172 . The polypeptide of claim 171 , wherein at least one of the first and the second Fc fragments of IgG further comprises at least one C H 2 domain.
173 . The polypeptide of claim 171 , wherein the first Fc fragment of IgG further comprises in addition to the hinge region, one C H 2 domain, and the C H 3 domain.
174 . The polypeptide of claim 171 , wherein a second hinge region is positioned at the C-terminus of the polypeptide.
175 . The polypeptide of claim 171 , wherein:
at least one of the first and the second Fc fragments of IgG comprises a second C H 3 domain; and at least one of the first and the second Fc fragments of IgG comprises a second hinge region.

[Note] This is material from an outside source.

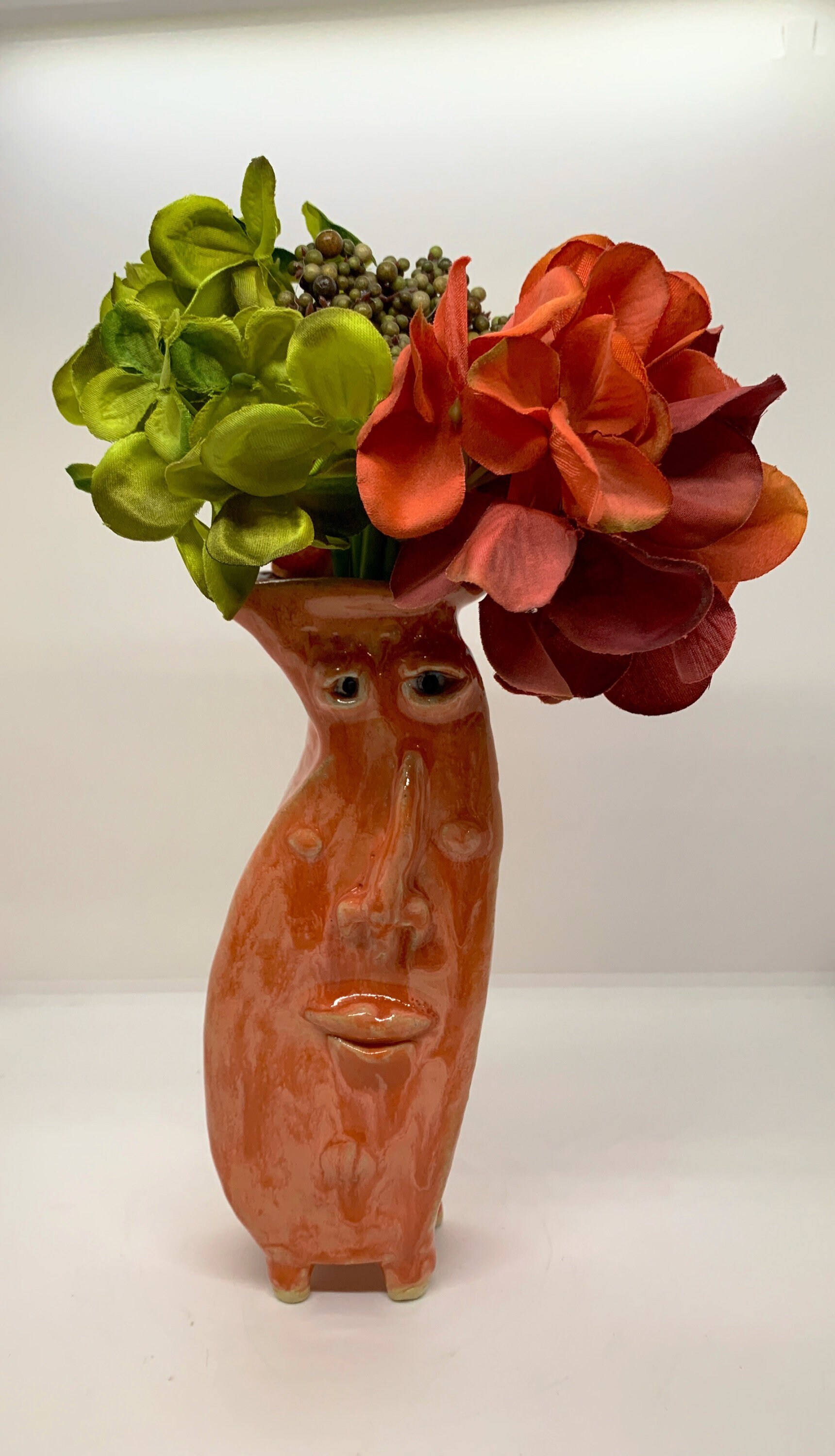 This listing is for a high fired ceramic piece made in my Portland, Oregon studio. This face vase can hold your most beautiful flower arrangements or just take space on your favorite shelf. The piece measures approximately 8” tall and the base is approx. 3” wide.

176 . The polypeptide of claim 175 , wherein at least one of the first and the second Fc fragments of IgG further comprises at least one C H 2 domain.
177 . The polypeptide of claim 171 , wherein the at least one first and second Fc fragments of IgG form a chain and said polypeptide comprises two said chains in dimeric form.

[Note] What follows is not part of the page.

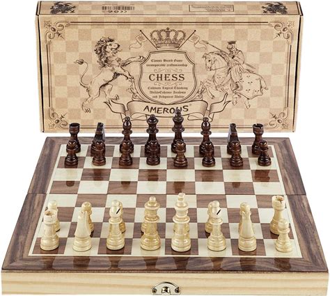 Amerous Chess Set, 12"X12" Folding Wooden Standard Travel International Chess Board Game Set With Magnetic Crafted Pieces For 2 Players

178 . The polypeptide of claim 171 , wherein the at least one first and second Fc fragments of IgG form a chain and said polypeptide comprises multiple said chains in multimeric form.
179 . The polypeptide of claim 171 , wherein both the first and the second Fc fragments of IgG are selected from a group consisting of an Fc fragment of murine IgG, an Fc fragment of rabbit IgG, and an Fc fragment of human IgG.

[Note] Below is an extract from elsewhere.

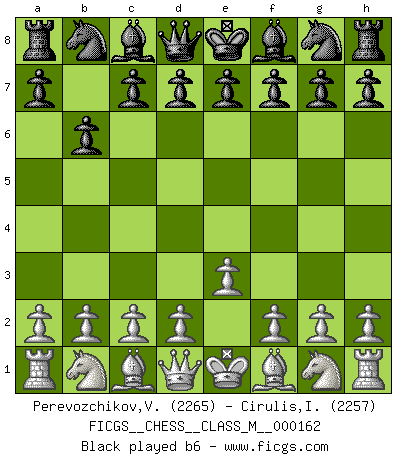 Last move : 1/2-1/2 2026 January 29 12:10:54 [Event "FICGS__CHESS__CLASS_M__000162"] [Site "FICGS"] [Date "2025.12.29"] [Round "1"] [White "Perevozchikov,Vjacheslav"] [Black "Cirulis,Ilmars"] [Result "1/2-1/2"] [WhiteElo "2265"] [BlackElo "2257"] 1.e3 b6 2.c4 Bb7 3.Nc3 e6 4.Nf3 Be7 5.d4 Nf6 6.b3 O-O 7.Bb2 d5 8.Bd3 Nbd7 9.O-O dxc4 10.bxc4 c5 11.Qe2 cxd4 12.exd4 Qc7 13.Rae1 Rfe8 14.Ne5 Nxe5 15.dxe5 Qc6 16.f4 Nd7 17.Rd1 Nc5 18.Bc2 f5 19.Nb5 Red8 20.h3 Rxd1 21.Rxd1 a6 22.Nd6 Rd8 23.Rd2 Qc7 24.Qd1 Bc6 25.Kh2 g6 26.Qe1 h6 27.Qe3 Kh7 28.Bd4 Ba8 29.Rd1 Qc6 30.Qf2 Bxd6 31.exd6 Rxd6 32.Qg3 Rd7 33.Be5 Rxd1 34.Bxd1 Nd7 35.Bf3 Qc8 36.Bxa8 Nxe5 37.fxe5 Qxa8 38.Qd3 Qc8 1/2-1/2 Follow this game move after move (download)My opponents make good moves too. Sometimes I don't take these things into consideration. (Bobby Fischer) Im Reiche der Wirklichkeit ist man nie so glücklich wie im Reiche der Gedanken. (Arthur Schopenhauer) El Ajedrez es tan interesante por sí solo, que no es necesario un interés monetario para persuadir a una persona a que lo practique; por lo tanto, nunca se juega por dinero. (Benjamin Franklin) Les échecs sont plus proches de l'art de l'assassinat que de l'art de la guerre. (Arturo Perez-Reverte) Plans are ideas that never come to fruition. (Daniel Parmet)

180 . The polypeptide of claim 179 , wherein the Fc fragment of human IgG is selected from a group consisting of an Fc fragment of human IgG1, an Fc fragment of human IgG2, an Fc fragment of human IgG3 and an Fc fragment of human IgG4.
181 . A polypeptide comprising:
at least a first Fc fragment of IgG and a second Fc fragment of IgG, the first and the second Fc fragments of IgG being attached end-to-end; at least one of the first and the second Fc fragments of IgG comprising at least one C H 2 domain; at least one hinge region wherein one said hinge region is positioned on the first Fc fragment at the N-terminus of the polypeptide; wherein the polypeptide does not comprise a variable region.
182 . The polypeptide of claim 181 , wherein at least one of the first and the second Fc fragments of IgG further comprises at least one C H 3 domain.
183 . The polypeptide of claim 181 , wherein the first Fc fragment of IgG further comprises in addition to the hinge region, one C H 2 domain, and the C H 3 domain.
184 . The polypeptide of claim 181 , wherein a second hinge region is positioned at the C-terminus of the polypeptide.
185 . The polypeptide of claim 181 , wherein:
at least one of the first and the second Fc fragments of IgG comprises at least a second C H 2 domain; and at least one of the first and the second Fc fragments of IgG comprises at least a second hinge region.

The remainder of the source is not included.